We provide two example cases in the folder `examples` in this repo. We have already provided the `cblaster` output files as well as the original query `fasta`.

In the first case, 1146 gene cluster hits from *Staphylococcus* spp. should be reduced to 22 non-redundant hits. Running the `cagecleaner` for this example is done like below

```
cd N398V589S066P61
cagecleaner -s session.json -o output -c 20
```
This should give the seven output files in a new subfolder `output`. This should take about 10' using 20 cores, depending on the download speed of your internet connection. This requires 1.2 GB of disk space and 1.7 GB of RAM.

```
$ dir -1 output
clusters.txt
filtered_binary.txt
filtered_session.txt
filtered_summary.txt
genome_cluster_sizes.txt
genome_cluster_status.txt
scaffold_assembly_pairs.txt
```

In the second case, we queried four genes from MIBiG entry BGC0000194 (actinorhodin from *Streptomyces coelicolor A3(2)*), which yielded 8934 gene cluster hits. `cagecleaner` should reduce this to 4847 hits in about 1.5 h using 20 cores. 28.5 GB of disk space and 27.6 GB of RAM are required for this example case.

```
cd actinorhodin
cagecleaner -s session.json -o output -c 20
```

## Citations

`cagecleaner` relies heavily on the `skDER` genome dereplication tool and its main dependendy `skani`, so we give these tools proper credit.
```
Salamzade, R., & Kalan, L. R. (2023). skDER: microbial genome dereplication approaches for comparative and metagenomic applications. https://doi.org/10.1101/2023.09.27.559801
Shaw, J., & Yu, Y. W. (2023). Fast and robust metagenomic sequence comparison through sparse chaining with skani. Nature Methods, 20(11), 1661–1665. https://doi.org/10.1038/s41592-023-02018-3
```

Please cite the `cagecleaner` manuscript:
```
In preparation
```

## License

`cagecleaner` is freely available under an MIT license.

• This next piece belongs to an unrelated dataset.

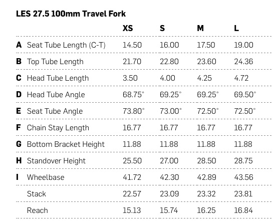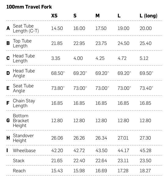 - 69.25º head angle (Medium frame w/100mm travel fork)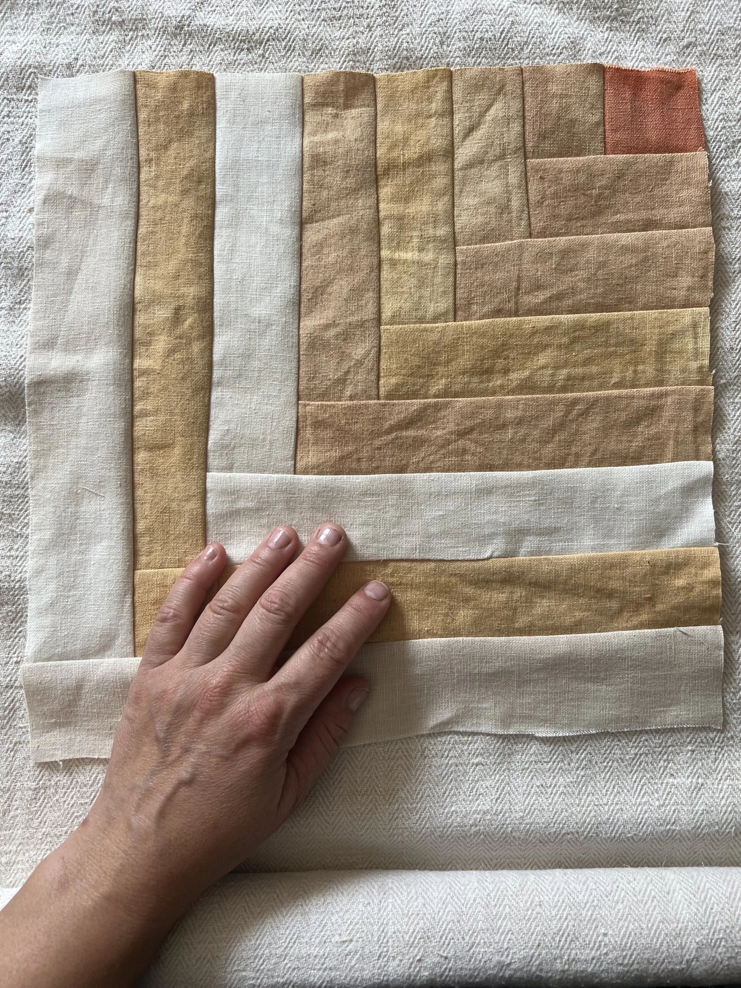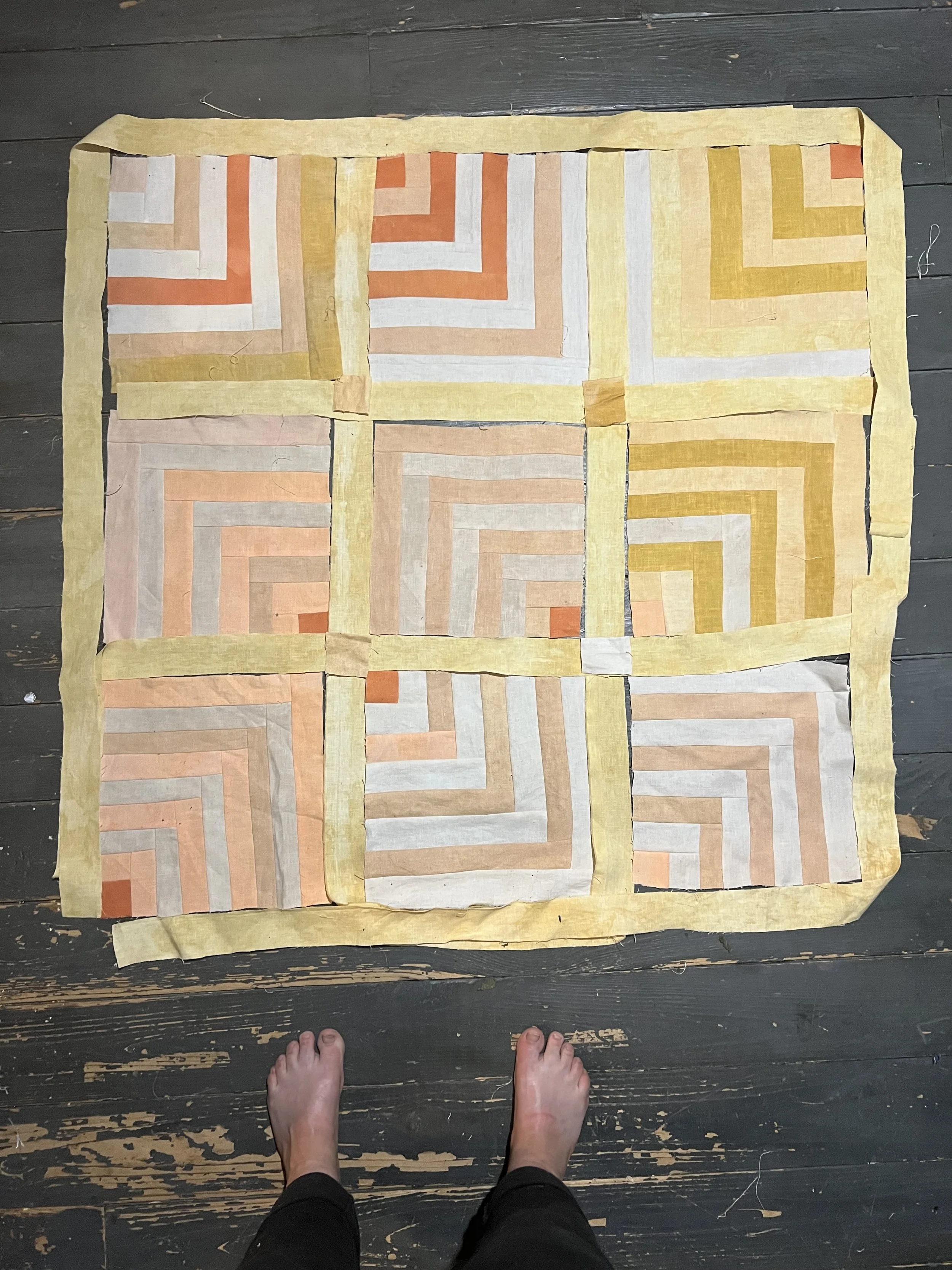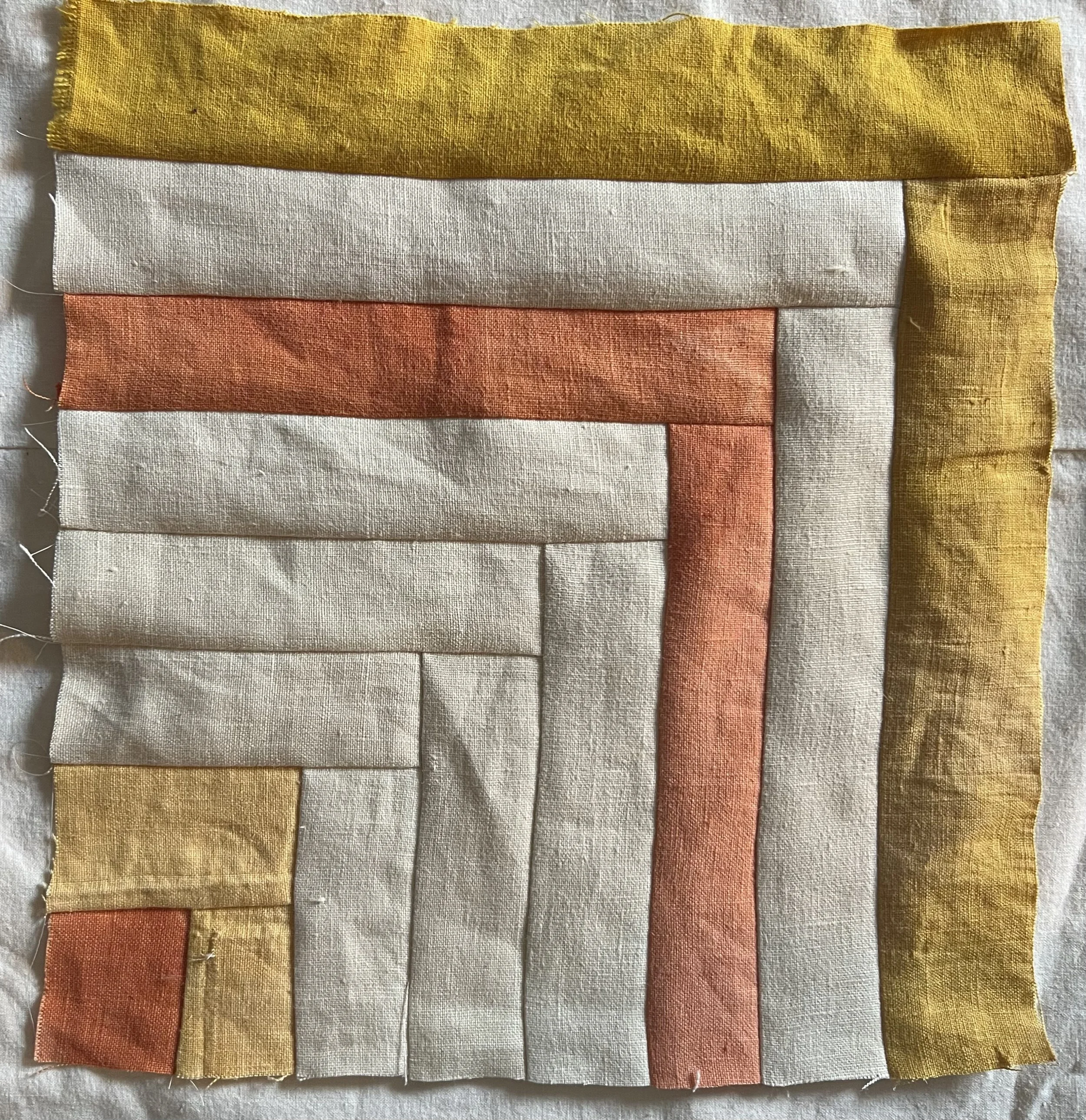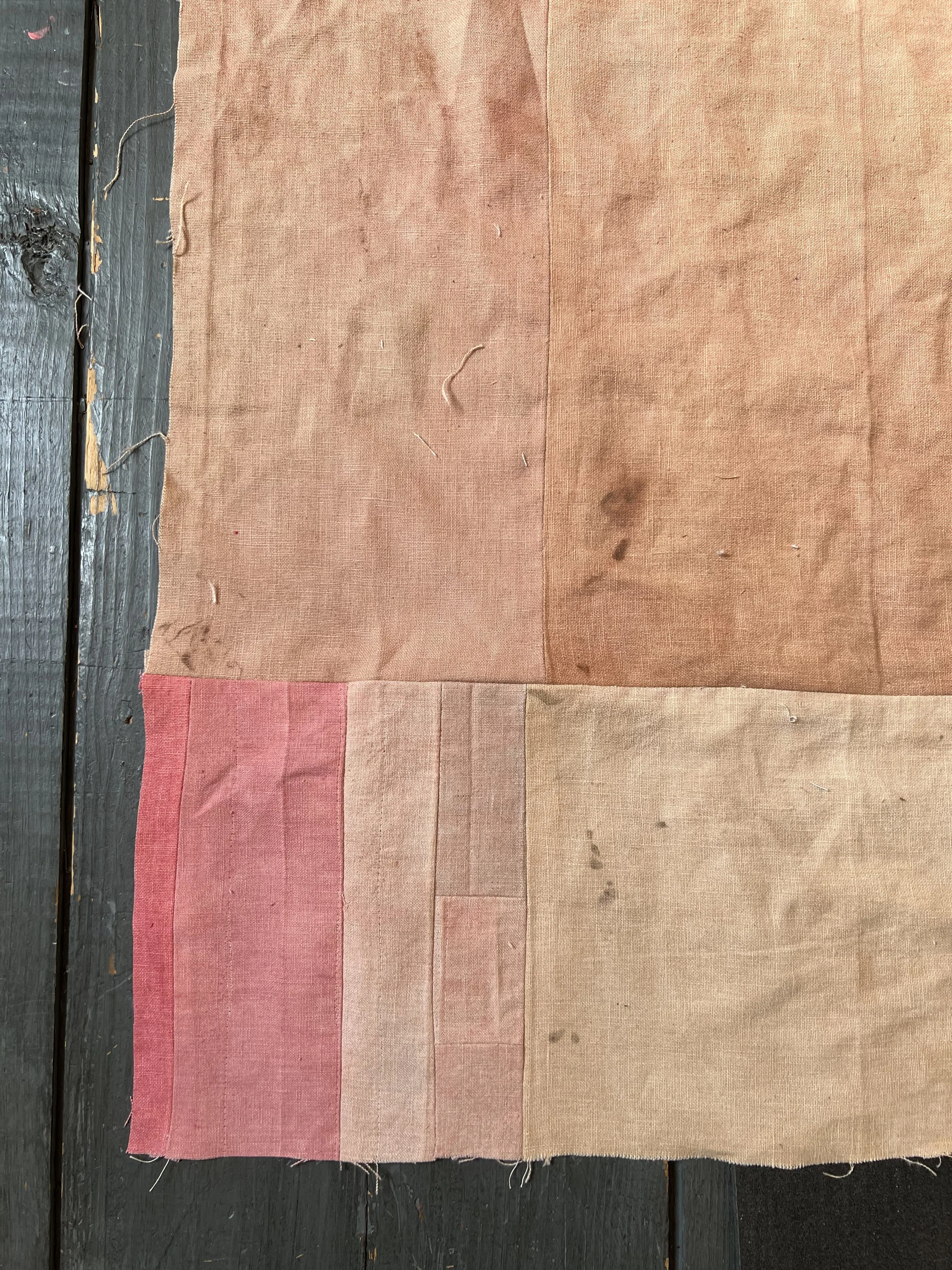 Linen, naturally dyed with Madder, Tesu, Osage Orange, Black Tea, Acorns, Himalayan Rhubarb, Cutch, Sandlewood, Wattle and Pomegranate. The binding and back are also linen. Hand quilted with thick ivory sashiko thread. Cotton batting.

Use of the third-party software, libraries or code referred to in the References section above may be governed by separate terms and conditions or license provisions. Your use of the third-party software, libraries or code is subject to any such terms and you should check that you can comply with any applicable restrictions or terms and conditions before use.